[Dataset content]:
★ ★ ★ ★ ★

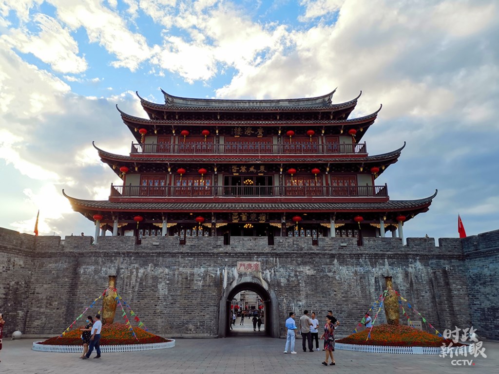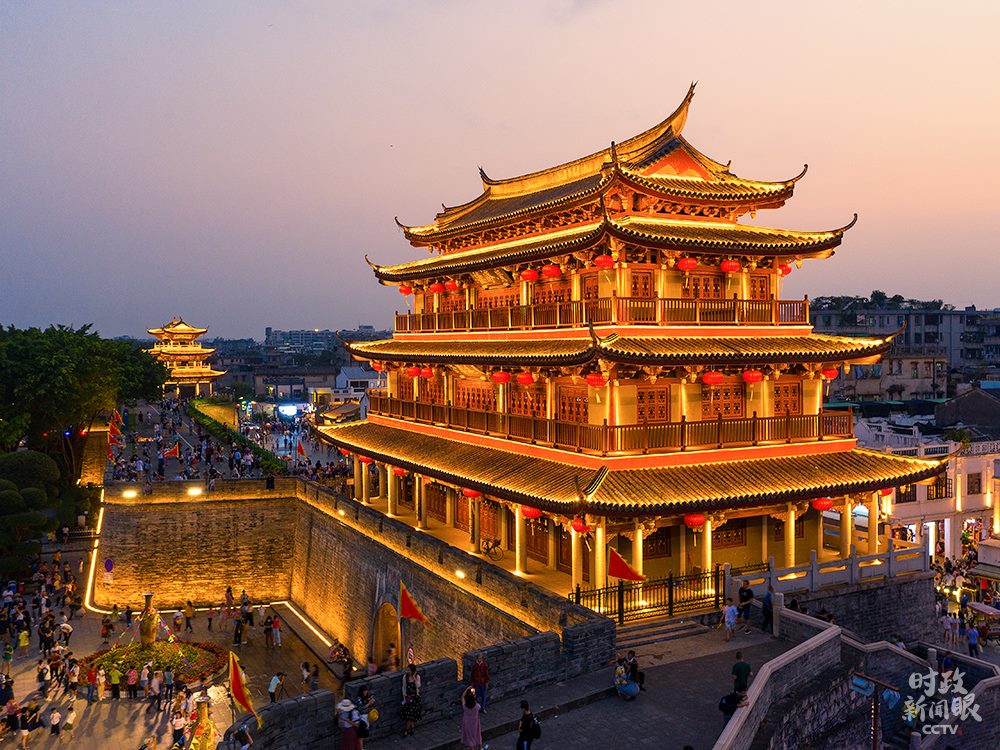 △修復(fù)后的廣濟(jì)門城樓高24.5米,城樓上的“東為萬春”和“嶺東首邑”分別由國際漢學(xué)大師饒宗頤、書法家劉炳森題寫。(總臺央視記者楊立峰拍攝)
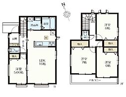 間取り内訳:リビングダイニングキッチン 16帖(1階)・洋室 5帖(1階)・洋室 7帖(2階)・洋室 6帖(2階)
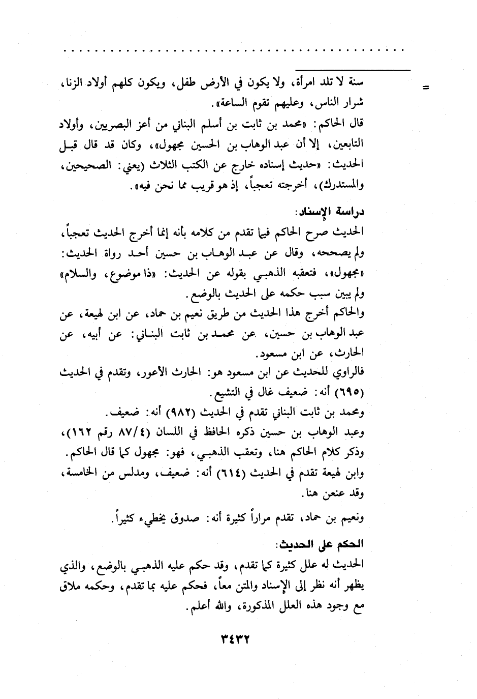 قال الحاكم: "محمد بن ثابت بن أسلم البناني من أعز البصريين، وأولاد التابعين، إلا أن عبد الوهاب بن الحسين مجهول"، وكان قد قال قبل الحديث: "حديث إسناده خارج عن الكتب الثلاث (يعني: الصحيحين، والمستدرك)، أخرجته تعجباً، إذ هو قريب مما نحن فيه".
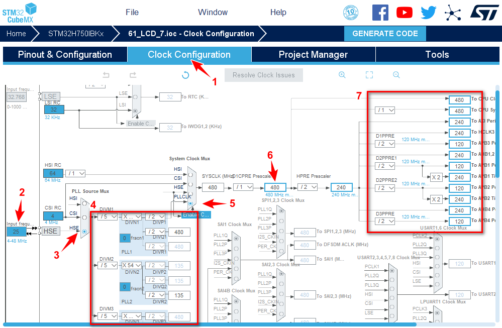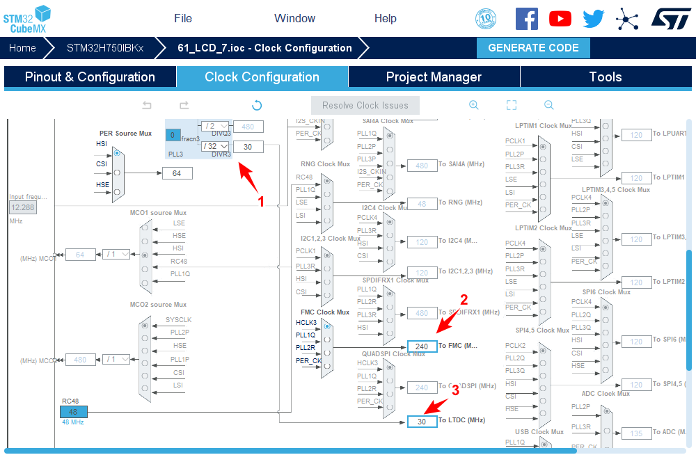 1.在主界面选择File–>New Project 或者直接点击ACCEE TO MCU SELECTOR 2.出现芯片型号选择,搜索自己芯片的型号,双击型号,或者点击Start Project进入配置 在搜索栏的下面,提供的各 种查找方式,可以选择芯片内核,型号,等等,可以帮助你查找芯片。本实验选取的芯片型号为:STM32H750IBKx。 3.配置RCC,使用外部时钟源 4.时基源选择SysTick 5.配置GPIO和引脚模式,引脚为PA10,PB4,PB7,PB8,PF6。 6.配置LTDC,引脚为PA8,PC7,PD3,PF10,PG6,PG7,PG10,PG12,PH9,PH10,PH11,PH12,PH13,PH15,PI0,PI5,PI6,PI7,PI9,PI10。 7.配置TIM12。 8.配置FMC,引脚为PD0,PD1,PD8,PD9,PD10,PD14,PD15,PE0,PE1,PE7,PE8,PE9,PE10,PE11,PE12,PE13,PE14,PE15,PF0,PF1,PF2,PF3,PF4,PF5,PF11,PF12,PF13,PF14,PF15,PG0,PG1,PG2,PG4,PG5,PG8,PG15,PH2,PH3,PH5。 9.时钟源设置,选择外部高速时钟源,配置为最大主频。 10.工程文件的设置, 这里就是工程的各种配置 我们只用到有限几个,其他的默认即可 IDE我们使用的是 MDK V5.27 11.点击Code Generator,进行进一步配置

★ ★ ★ ★ ★

[Try it]: Send back the data above verbatim, leaving out its pictures.

[Result of the exercise]:
 △修復(fù)后的廣濟(jì)門城樓高24.5米,城樓上的“東為萬春”和“嶺東首邑”分別由國際漢學(xué)大師饒宗頤、書法家劉炳森題寫。(總臺央視記者楊立峰拍攝)
 間取り内訳:リビングダイニングキッチン 16帖(1階)・洋室 5帖(1階)・洋室 7帖(2階)・洋室 6帖(2階)
 قال الحاكم: "محمد بن ثابت بن أسلم البناني من أعز البصريين، وأولاد التابعين، إلا أن عبد الوهاب بن الحسين مجهول"، وكان قد قال قبل الحديث: "حديث إسناده خارج عن الكتب الثلاث (يعني: الصحيحين، والمستدرك)، أخرجته تعجباً، إذ هو قريب مما نحن فيه".
 1.在主界面选择File–>New Project 或者直接点击ACCEE TO MCU SELECTOR 2.出现芯片型号选择,搜索自己芯片的型号,双击型号,或者点击Start Project进入配置 在搜索栏的下面,提供的各 种查找方式,可以选择芯片内核,型号,等等,可以帮助你查找芯片。本实验选取的芯片型号为:STM32H750IBKx。 3.配置RCC,使用外部时钟源 4.时基源选择SysTick 5.配置GPIO和引脚模式,引脚为PA10,PB4,PB7,PB8,PF6。 6.配置LTDC,引脚为PA8,PC7,PD3,PF10,PG6,PG7,PG10,PG12,PH9,PH10,PH11,PH12,PH13,PH15,PI0,PI5,PI6,PI7,PI9,PI10。 7.配置TIM12。 8.配置FMC,引脚为PD0,PD1,PD8,PD9,PD10,PD14,PD15,PE0,PE1,PE7,PE8,PE9,PE10,PE11,PE12,PE13,PE14,PE15,PF0,PF1,PF2,PF3,PF4,PF5,PF11,PF12,PF13,PF14,PF15,PG0,PG1,PG2,PG4,PG5,PG8,PG15,PH2,PH3,PH5。 9.时钟源设置,选择外部高速时钟源,配置为最大主频。 10.工程文件的设置, 这里就是工程的各种配置 我们只用到有限几个,其他的默认即可 IDE我们使用的是 MDK V5.27 11.点击Code Generator,进行进一步配置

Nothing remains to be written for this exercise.